Set down the full listing exactly as given. Any pictures are to be left out.

Collected material:
━━━━━━━━━━━━━━━━━━━━
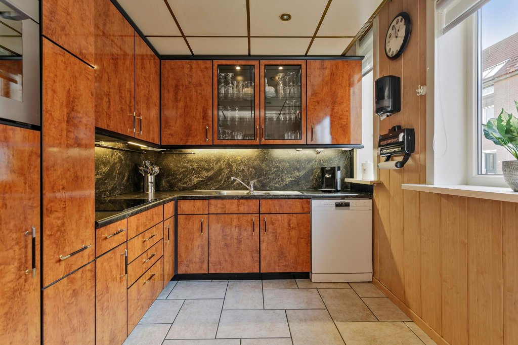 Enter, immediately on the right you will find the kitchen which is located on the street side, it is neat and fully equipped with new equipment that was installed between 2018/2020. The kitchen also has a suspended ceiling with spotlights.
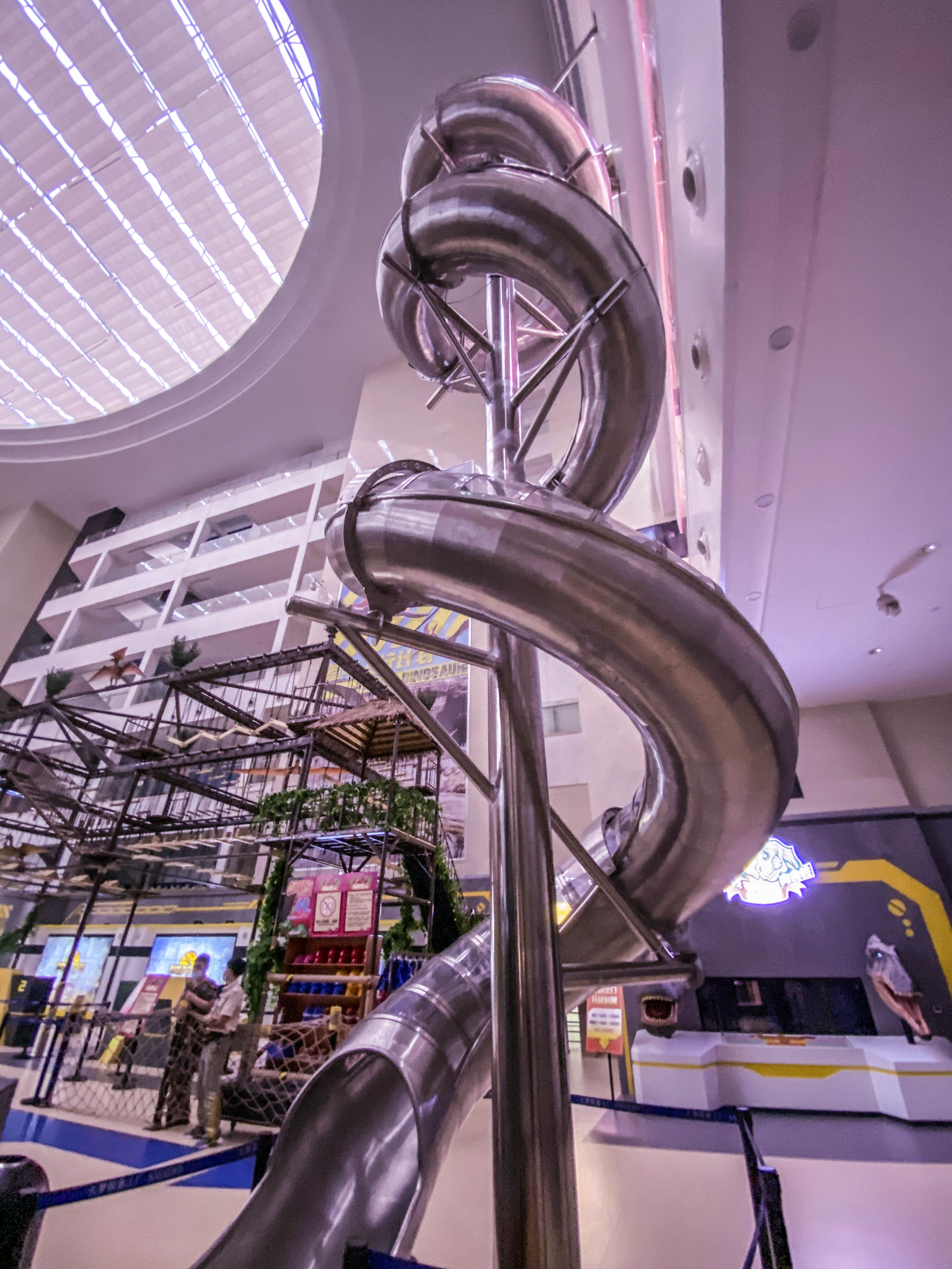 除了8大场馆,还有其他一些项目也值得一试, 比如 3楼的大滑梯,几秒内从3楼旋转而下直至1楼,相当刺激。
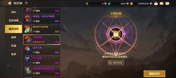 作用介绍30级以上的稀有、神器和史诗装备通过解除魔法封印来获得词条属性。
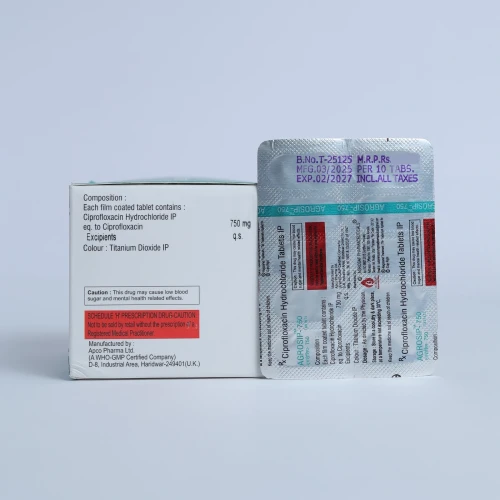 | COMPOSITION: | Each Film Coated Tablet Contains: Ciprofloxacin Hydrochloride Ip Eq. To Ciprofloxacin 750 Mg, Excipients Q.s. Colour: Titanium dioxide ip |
━━━━━━━━━━━━━━━━━━━━
Answer section:
 Enter, immediately on the right you will find the kitchen which is located on the street side, it is neat and fully equipped with new equipment that was installed between 2018/2020. The kitchen also has a suspended ceiling with spotlights.
 除了8大场馆,还有其他一些项目也值得一试, 比如 3楼的大滑梯,几秒内从3楼旋转而下直至1楼,相当刺激。
 作用介绍30级以上的稀有、神器和史诗装备通过解除魔法封印来获得词条属性。
 | COMPOSITION: | Each Film Coated Tablet Contains: Ciprofloxacin Hydrochloride Ip Eq. To Ciprofloxacin 750 Mg, Excipients Q.s. Colour: Titanium dioxide ip |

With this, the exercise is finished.